▶ What the exercise asks
Below are some records: retype them all exactly, but not the pictures.

○ ○ ○ ○ ○ ○ ○

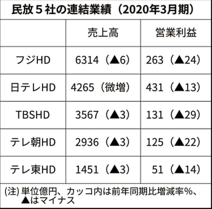 民放キー局 5社とも営業減益 広告収入振るわず 日本経済新聞
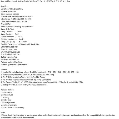 Swap Oil Pan Retrofit Low Profile 81073 For Ls1 Ls2 Ls3 4.8 5.3 6.0 6.2l Rear #9 on 2040-parts.com
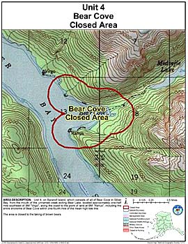 Area Description: Unit 4 Bear Cove Closed Area (Baranof Island): the area consists of all of Bear Cove in Silver Bay, from the mouth of the unnamed creek exiting Bear Lake, located approximately one-half mile southeast of BM "Virgo", along the coast to the point of land at BM "Ranus," including the entire shoreline of Bear Cove within one-fourth mile of the mean high tide line
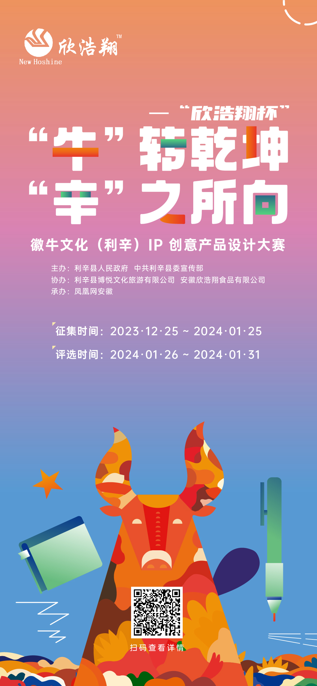 “牛”转乾坤 “辛”之所向——“欣浩翔杯”徽牛文化(利辛)IP 创意产品设计大赛将紧紧围绕地域“徽牛”文化IP形象设计的切实需求,以线上征集的形式汇聚各方创意与智慧,挖掘出一批具有代表性且优质的利辛徽牛文化元素创意产品,展现徽牛文化(利辛)的独特魅力以及利辛县深厚的历史文化底蕴,打造统一、鲜明的品牌传播形象推动利辛县实现新发展、新突破。
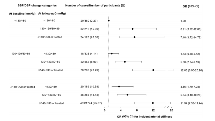 来源:Liu S, Wu S, Niu J, Zheng R, et al. The 2017 ACC/AHA stage 1 hypertension is associated with arterial stiffness: a prospective analysis. Aging (Albany NY). 2021 Mar 26;13. doi: 10.18632/aging.202764.
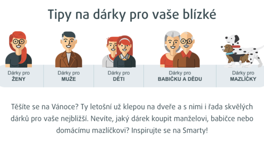 Komerční sdělení: Nakupování dárků je pro mnoho lidí vrcholně stresujícím zážitkem. Nejen, že je nutné vlézt do obchodního centra přecpaného lidmi, ale to nejtěžší přichází už s vymýšlením dárku. Co by asi mohlo potěšit vašeho partnera? Jaký dárek udělá radost puberťákovi? Co proboha koupit mamince? Na Smarty vědí moc dobře, které chytré vychytávky na vaše nejbližší platí.
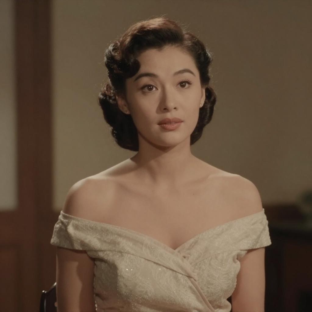 A woman with a natural, elegant appearance is captured in a warm, cinematic style reminiscent of classic film photography. Her off-shoulder dress and soft curls add to the nostalgic and timeless feel of the image. The ambient lighting enhances the overall mood, highlighting her poised and graceful demeanor.
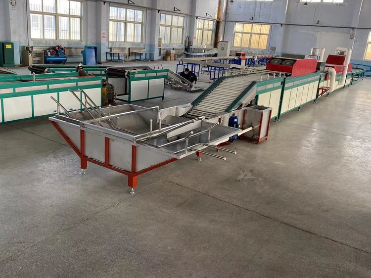 苹果柑橘清洗打蜡机作业工序:槽内循环清洗—提升—清水喷淋—风干—打蜡—烘干—抛光—输送—分级。 清洗打蜡机各分区功能: 水洗区:利用流动水形成水流气泡冲洗水果,洗去水果表面 农药残留,杂质。 提升区:清洗喷淋提升。 擦干区:风机自然风风干,擦掉水果表面水份。 喷蜡区:喷雾式打蜡。 烘干区:高于自然温度便于上蜡均匀。 抛光区:提亮蜡液亮度。 分级区:按重量分选水果大小等级。
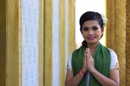 Myanmar women holding flowers at a temple. Southeast Asian young girls with burmese traditional dress visiting a Buddihist temple.
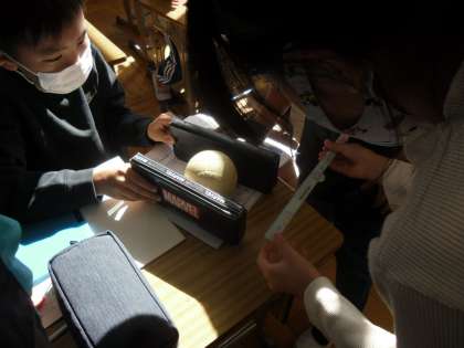「どうしたら球の直径が測れるかな?」と聞くと、「筆箱とかで挟んで測ったらいいんじゃないかな。」という意見が出てきたので、実際に測ってみました。
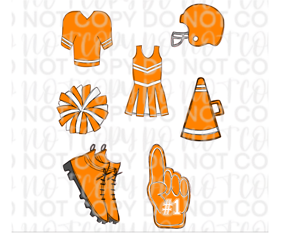 This fun design comes with the Ogemaw Browns Mama design on the chest with a fun optional sleeve detail. If you'd like to add kid's names & graphics to the sleeve please use the customization box and include which designs (pictured... football jersey, helmet, cheer uniform, pom, megaphone, cleats, foam finger). If you'd like them in a certain order (top to bottom or left sleeve vs right sleeve) please note that detail too or I will just go in order they are listed (my personal top has 7 children between the two sleeves so we've got room if you have a handful of kids you'd like).
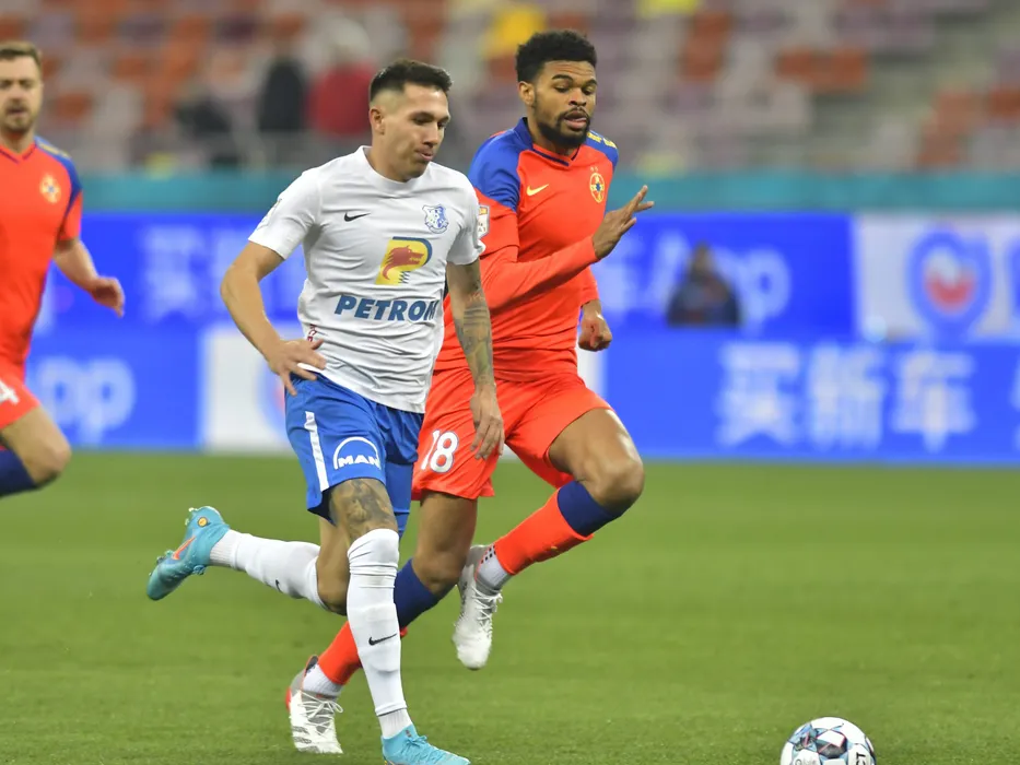 Robert Marian Moldoveanu si Sylas Laouari Edjouma Malcom in meciul de fotbal dintre FCSB si Farul Constanta, contand pentru Play-off-ul Ligii 1 Casa Pariurilor, desfasurat pe Arena Nationala din Bucuresti, luni 14 martie 2022. © FOTO:Razvan Pasarica/SPORT PICTURES

○ ○ ○ ○ ○ ○ ○

▶ Response for this exercise
 民放キー局 5社とも営業減益 広告収入振るわず 日本経済新聞
 Swap Oil Pan Retrofit Low Profile 81073 For Ls1 Ls2 Ls3 4.8 5.3 6.0 6.2l Rear #9 on 2040-parts.com
 Area Description: Unit 4 Bear Cove Closed Area (Baranof Island): the area consists of all of Bear Cove in Silver Bay, from the mouth of the unnamed creek exiting Bear Lake, located approximately one-half mile southeast of BM "Virgo", along the coast to the point of land at BM "Ranus," including the entire shoreline of Bear Cove within one-fourth mile of the mean high tide line
 “牛”转乾坤 “辛”之所向——“欣浩翔杯”徽牛文化(利辛)IP 创意产品设计大赛将紧紧围绕地域“徽牛”文化IP形象设计的切实需求,以线上征集的形式汇聚各方创意与智慧,挖掘出一批具有代表性且优质的利辛徽牛文化元素创意产品,展现徽牛文化(利辛)的独特魅力以及利辛县深厚的历史文化底蕴,打造统一、鲜明的品牌传播形象推动利辛县实现新发展、新突破。
 来源:Liu S, Wu S, Niu J, Zheng R, et al. The 2017 ACC/AHA stage 1 hypertension is associated with arterial stiffness: a prospective analysis. Aging (Albany NY). 2021 Mar 26;13. doi: 10.18632/aging.202764.
 Komerční sdělení: Nakupování dárků je pro mnoho lidí vrcholně stresujícím zážitkem. Nejen, že je nutné vlézt do obchodního centra přecpaného lidmi, ale to nejtěžší přichází už s vymýšlením dárku. Co by asi mohlo potěšit vašeho partnera? Jaký dárek udělá radost puberťákovi? Co proboha koupit mamince? Na Smarty vědí moc dobře, které chytré vychytávky na vaše nejbližší platí.
 A woman with a natural, elegant appearance is captured in a warm, cinematic style reminiscent of classic film photography. Her off-shoulder dress and soft curls add to the nostalgic and timeless feel of the image. The ambient lighting enhances the overall mood, highlighting her poised and graceful demeanor.
 苹果柑橘清洗打蜡机作业工序:槽内循环清洗—提升—清水喷淋—风干—打蜡—烘干—抛光—输送—分级。 清洗打蜡机各分区功能: 水洗区:利用流动水形成水流气泡冲洗水果,洗去水果表面 农药残留,杂质。 提升区:清洗喷淋提升。 擦干区:风机自然风风干,擦掉水果表面水份。 喷蜡区:喷雾式打蜡。 烘干区:高于自然温度便于上蜡均匀。 抛光区:提亮蜡液亮度。 分级区:按重量分选水果大小等级。
 Myanmar women holding flowers at a temple. Southeast Asian young girls with burmese traditional dress visiting a Buddihist temple.
「どうしたら球の直径が測れるかな?」と聞くと、「筆箱とかで挟んで測ったらいいんじゃないかな。」という意見が出てきたので、実際に測ってみました。
 This fun design comes with the Ogemaw Browns Mama design on the chest with a fun optional sleeve detail. If you'd like to add kid's names & graphics to the sleeve please use the customization box and include which designs (pictured... football jersey, helmet, cheer uniform, pom, megaphone, cleats, foam finger). If you'd like them in a certain order (top to bottom or left sleeve vs right sleeve) please note that detail too or I will just go in order they are listed (my personal top has 7 children between the two sleeves so we've got room if you have a handful of kids you'd like).
 Robert Marian Moldoveanu si Sylas Laouari Edjouma Malcom in meciul de fotbal dintre FCSB si Farul Constanta, contand pentru Play-off-ul Ligii 1 Casa Pariurilor, desfasurat pe Arena Nationala din Bucuresti, luni 14 martie 2022. © FOTO:Razvan Pasarica/SPORT PICTURES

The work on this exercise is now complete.